## RECORDED INFORMATION
------------------------------------------------------------------------

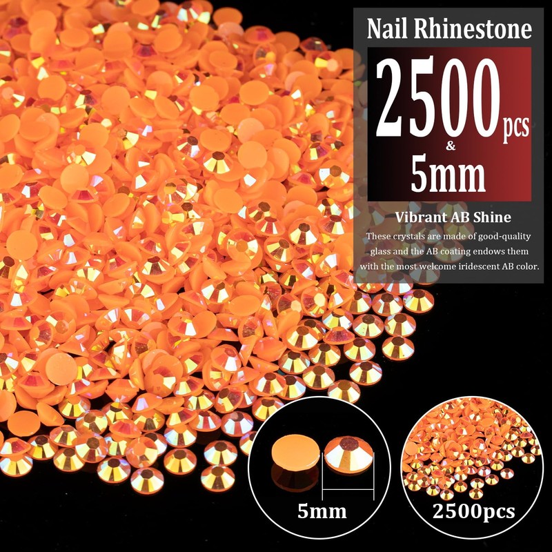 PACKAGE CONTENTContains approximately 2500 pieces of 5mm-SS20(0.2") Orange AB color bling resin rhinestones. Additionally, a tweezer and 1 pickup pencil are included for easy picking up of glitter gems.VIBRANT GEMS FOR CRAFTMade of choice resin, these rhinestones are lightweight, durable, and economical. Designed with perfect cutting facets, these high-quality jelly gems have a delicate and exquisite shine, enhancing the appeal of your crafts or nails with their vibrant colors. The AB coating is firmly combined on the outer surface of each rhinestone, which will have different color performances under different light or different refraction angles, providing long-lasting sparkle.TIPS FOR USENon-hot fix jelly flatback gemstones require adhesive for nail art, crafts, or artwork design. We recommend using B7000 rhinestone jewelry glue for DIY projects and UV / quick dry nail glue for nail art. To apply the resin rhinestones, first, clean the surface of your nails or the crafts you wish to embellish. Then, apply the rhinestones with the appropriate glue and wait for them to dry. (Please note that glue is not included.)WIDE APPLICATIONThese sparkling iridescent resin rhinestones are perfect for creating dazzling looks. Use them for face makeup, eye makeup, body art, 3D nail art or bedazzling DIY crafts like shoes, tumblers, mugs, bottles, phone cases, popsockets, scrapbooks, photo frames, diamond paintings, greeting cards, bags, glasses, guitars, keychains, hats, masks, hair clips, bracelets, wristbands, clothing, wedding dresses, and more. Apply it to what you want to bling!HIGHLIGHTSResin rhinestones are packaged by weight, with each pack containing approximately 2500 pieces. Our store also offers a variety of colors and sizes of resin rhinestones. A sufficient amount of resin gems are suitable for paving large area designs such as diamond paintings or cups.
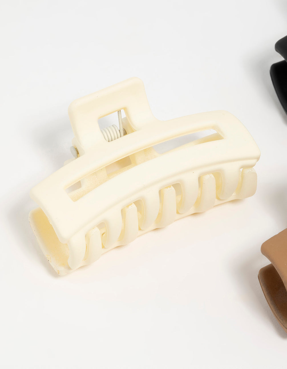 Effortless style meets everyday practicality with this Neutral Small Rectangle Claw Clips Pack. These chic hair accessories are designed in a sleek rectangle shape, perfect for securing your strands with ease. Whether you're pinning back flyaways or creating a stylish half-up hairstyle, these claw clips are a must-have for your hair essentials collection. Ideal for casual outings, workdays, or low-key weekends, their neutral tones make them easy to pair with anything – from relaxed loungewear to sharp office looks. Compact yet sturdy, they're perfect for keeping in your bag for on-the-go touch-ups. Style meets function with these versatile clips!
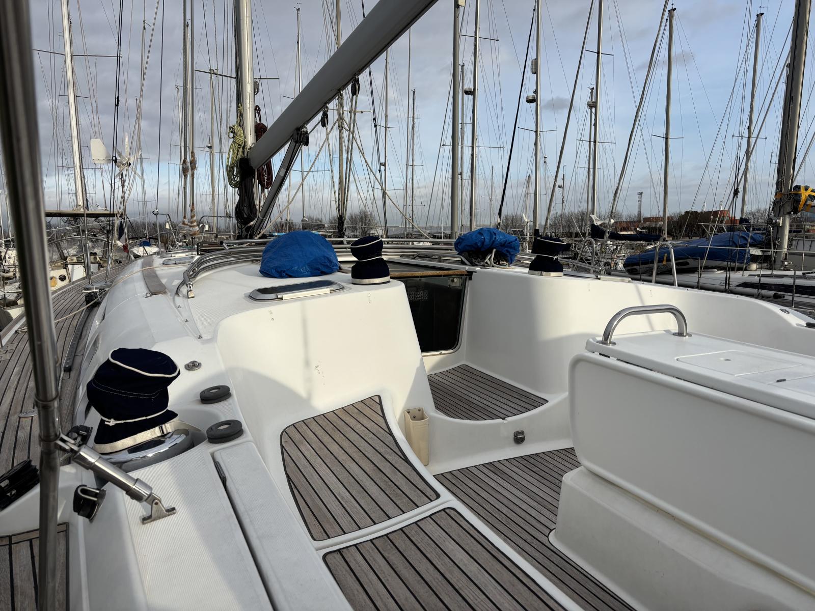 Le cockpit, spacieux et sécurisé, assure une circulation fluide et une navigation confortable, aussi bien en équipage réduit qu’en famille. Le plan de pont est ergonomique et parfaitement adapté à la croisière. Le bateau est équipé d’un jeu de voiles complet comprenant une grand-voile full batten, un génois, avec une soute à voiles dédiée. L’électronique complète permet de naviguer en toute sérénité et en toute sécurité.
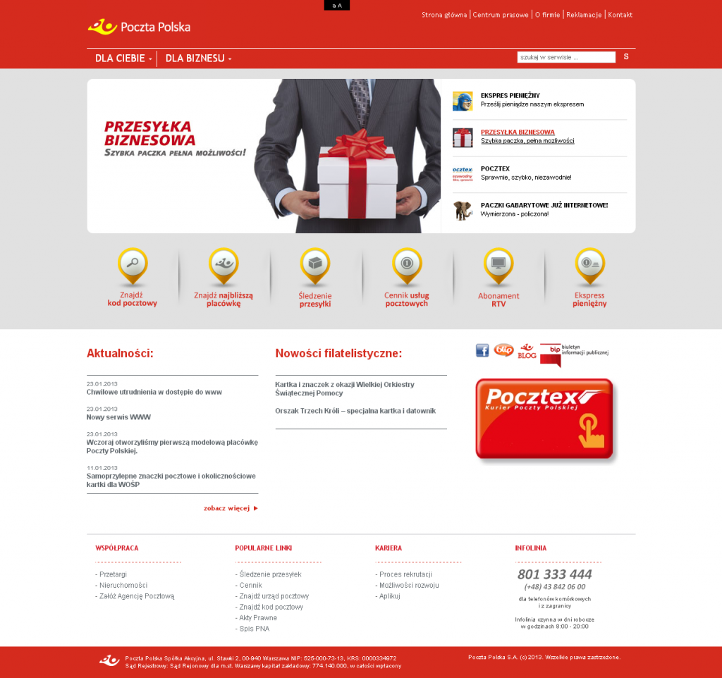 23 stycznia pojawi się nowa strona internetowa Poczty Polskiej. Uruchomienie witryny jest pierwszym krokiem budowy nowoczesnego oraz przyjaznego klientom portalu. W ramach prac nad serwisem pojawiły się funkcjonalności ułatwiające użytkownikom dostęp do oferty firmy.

------------------------------------------------------------------------

## ACTIVITY
Copy the data word for word, no pictures.

## OUTPUT OF THE EXERCISE
 PACKAGE CONTENTContains approximately 2500 pieces of 5mm-SS20(0.2") Orange AB color bling resin rhinestones. Additionally, a tweezer and 1 pickup pencil are included for easy picking up of glitter gems.VIBRANT GEMS FOR CRAFTMade of choice resin, these rhinestones are lightweight, durable, and economical. Designed with perfect cutting facets, these high-quality jelly gems have a delicate and exquisite shine, enhancing the appeal of your crafts or nails with their vibrant colors. The AB coating is firmly combined on the outer surface of each rhinestone, which will have different color performances under different light or different refraction angles, providing long-lasting sparkle.TIPS FOR USENon-hot fix jelly flatback gemstones require adhesive for nail art, crafts, or artwork design. We recommend using B7000 rhinestone jewelry glue for DIY projects and UV / quick dry nail glue for nail art. To apply the resin rhinestones, first, clean the surface of your nails or the crafts you wish to embellish. Then, apply the rhinestones with the appropriate glue and wait for them to dry. (Please note that glue is not included.)WIDE APPLICATIONThese sparkling iridescent resin rhinestones are perfect for creating dazzling looks. Use them for face makeup, eye makeup, body art, 3D nail art or bedazzling DIY crafts like shoes, tumblers, mugs, bottles, phone cases, popsockets, scrapbooks, photo frames, diamond paintings, greeting cards, bags, glasses, guitars, keychains, hats, masks, hair clips, bracelets, wristbands, clothing, wedding dresses, and more. Apply it to what you want to bling!HIGHLIGHTSResin rhinestones are packaged by weight, with each pack containing approximately 2500 pieces. Our store also offers a variety of colors and sizes of resin rhinestones. A sufficient amount of resin gems are suitable for paving large area designs such as diamond paintings or cups.
 Effortless style meets everyday practicality with this Neutral Small Rectangle Claw Clips Pack. These chic hair accessories are designed in a sleek rectangle shape, perfect for securing your strands with ease. Whether you're pinning back flyaways or creating a stylish half-up hairstyle, these claw clips are a must-have for your hair essentials collection. Ideal for casual outings, workdays, or low-key weekends, their neutral tones make them easy to pair with anything – from relaxed loungewear to sharp office looks. Compact yet sturdy, they're perfect for keeping in your bag for on-the-go touch-ups. Style meets function with these versatile clips!
 Le cockpit, spacieux et sécurisé, assure une circulation fluide et une navigation confortable, aussi bien en équipage réduit qu’en famille. Le plan de pont est ergonomique et parfaitement adapté à la croisière. Le bateau est équipé d’un jeu de voiles complet comprenant une grand-voile full batten, un génois, avec une soute à voiles dédiée. L’électronique complète permet de naviguer en toute sérénité et en toute sécurité.
 23 stycznia pojawi się nowa strona internetowa Poczty Polskiej. Uruchomienie witryny jest pierwszym krokiem budowy nowoczesnego oraz przyjaznego klientom portalu. W ramach prac nad serwisem pojawiły się funkcjonalności ułatwiające użytkownikom dostęp do oferty firmy.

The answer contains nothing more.